I find it very hard to part with any book I've read. My library fines are astronomical............
I prefer to keep the editions of books I've read. I don't have a great photographic memory but I do have general recall as to where I saw something and when the pages are laid out differently (or the edition goes from hardcover to paperback) it can be much harder to reference a quote or subject.
Sure, go ahead, laugh if you want to. I've seen your type before: Flashy, making the scene, flaunting convention. Yeah, I know what you're thinking. What's this guy making such a big stink about old library books? Well, let me give you a hint, junior. Maybe we can live without libraries, people like you and me. Maybe. Sure, we're too old to change the world, but what about that kid, sitting down, opening a book, right now, in a branch at the local library and finding drawings of pee-pees and wee-wees on the Cat in the Hat and the Five Chinese Brothers?
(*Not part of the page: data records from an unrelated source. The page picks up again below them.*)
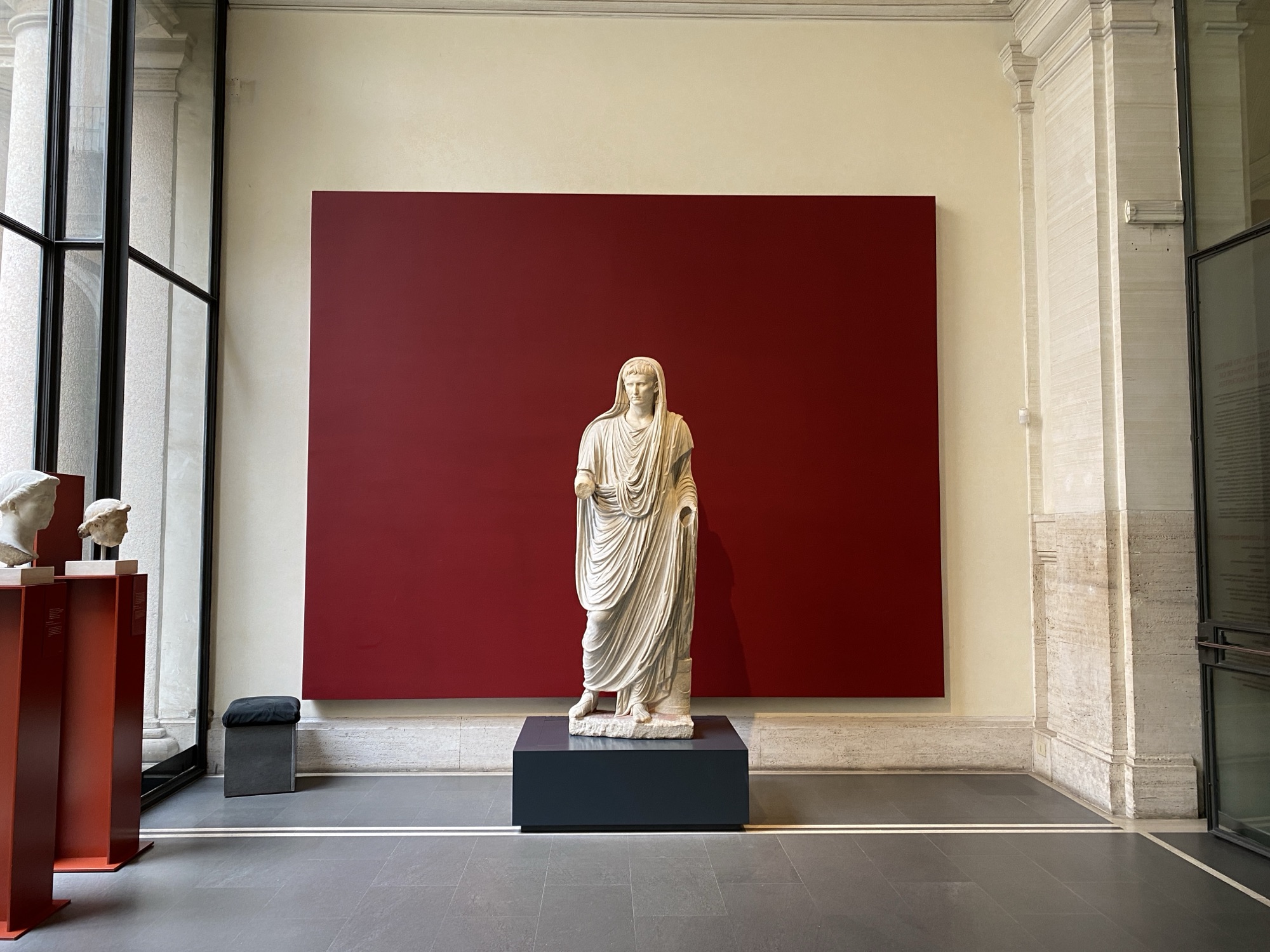 ROMA- MUSEO NAZIONALE ROMANO – PALAZZO MASSIMO. La Domus di Agrippa presenta decorazioni parietali straordinarie con colonne e figure femminili che ricordano le Cariatidi, insieme a affreschi di nature morte e battaglie navali.
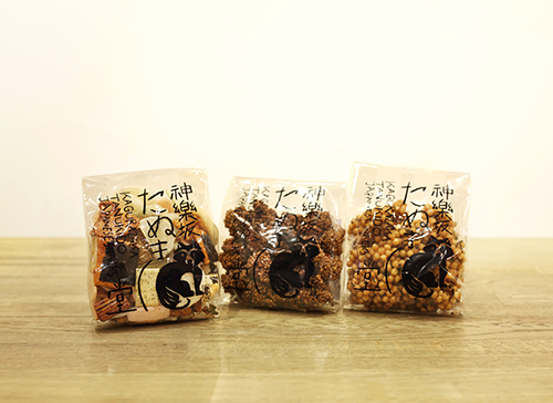 数ある商品のなかでもとくに人気なのが「神楽坂たぬき堂」の米菓。神楽坂プリュスのオリジナルブランドで、腹が白い(腹黒くない)たぬきのように正直に、他を抜く(たぬき)美味しさを追求しています。おしゃれなパッケージで手土産や贈り物にもおすすめです。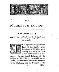 "On Mutual Subjection" was first given on 28 February 1718, and it was first printed in 1744.[22] Its introductory passage from scripture comes from First Epistle of Peter 5:5 – "--Yea, all of you be subject one to another."[23]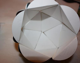 نواااااااصل طريقة العمل نقص 20 دائرة بنفس الحجم نثني كل دائرة على حسب شكل مثلث متطابق الأضلاع نأخذ 5 دوائر ونلصقها مع بعضها مرحلة إلصاق 5 دوائر مثنية مع بعضها البعض مجموعتين كل مجموعة 5 دوائر نلصق العشر دوائر المتبقية مع بعضها البعض ولكن بشكل عكسي رأس المثلث مرة يكون في الأعلى والأخرى يكون في الأسفل حتى ننتهي من 10 دوائر نلصق إحدى المجموعتين ذات ال 5 دوائر مع مجموعة ال 10 دوائرنواااااااصل طريقة العمل نقص 20 دائرة بنفس الحجم نثني كل دائرة على حسب...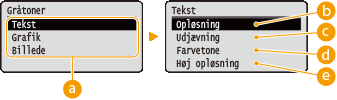 Asterisk (*)Indstillinger, der er markeret med asterisk (*), vises ikke afhængigt af andre indstillinger.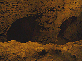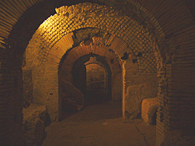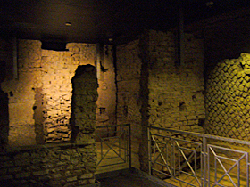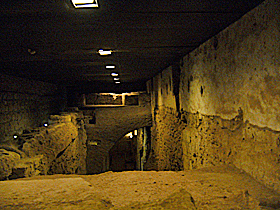 さあ。地下に入ってきました! 地下の歩く高さのさらにその下にも、このように遺跡が見られます。一番下はギリシャ時代、その上の層はローマ時代の遺跡らしいです。 ![]() このあたりは、このように目の高さより下に遺構が見られます。ちょっと詳細不明ですが・・・。やはり、「一番下はギリシャ時代」を信じると、これらはギリシャ時代のものなのかなあ??? ![]() しばらく歩いていくと、目の高さに遺跡が。このあたりは、ローマ時代の商店街だそうです。左の写真、ベンチみたいになっているところは、商品を並べるところだったとか。右の写真は、建物の明り取り、通気口・・・だったっけかな?? ![]()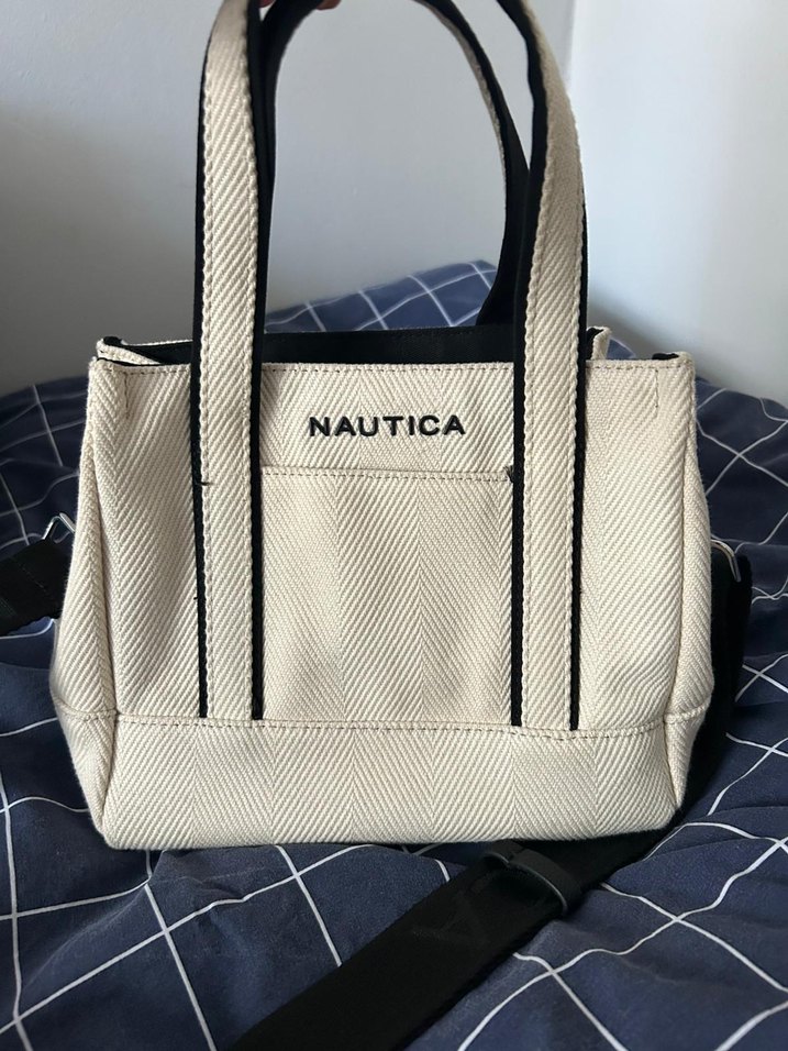 Nautica marka, bej sentetik kumaştan, fermuarlı günlük kullanıma uygun minimalist sokak tarzı kadın çanta.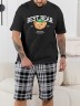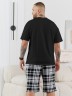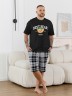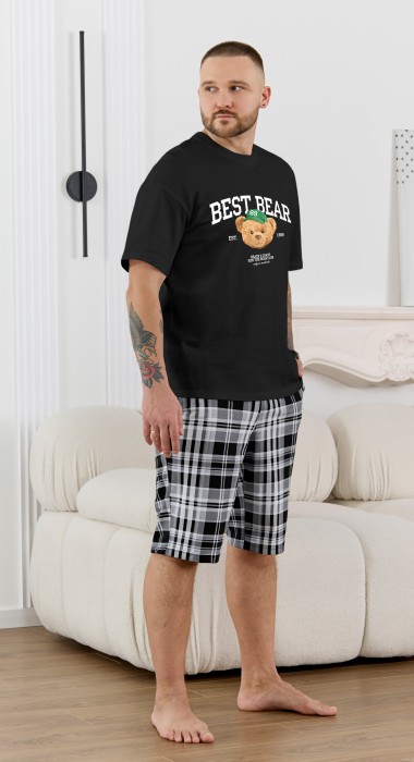 Костюм мужской, состоящий из футболки и шорт. Футболка однотонная с принтом на груди; модель свободная, со спущенной линией плеч, втачными рукавами, овальным вырезом горловины. Шорты из полотна с набивным рисунком эксклюзивного дизайна, с боковыми карманами с обтачными входами, на притачном поясе с отстроченной эластичной тесьмой.

Doesn't HE deserve better? Look. If you think this is about overdue fines and missing books, you'd better think again. This is about that kid's right to read a book without getting his mind warped! Or: maybe that turns you on, Seinfeld; maybe that's how y'get your kicks. You and your good-time buddies. Well I got a flash for ya, joy-boy: Party time is over. Y'got seven days, Seinfeld. That is one week!
Few things are more satisfying than to take old, useless books to the recycle stand at the dumpster station. Fiction, excepting Graham Greene, are burnt after reading.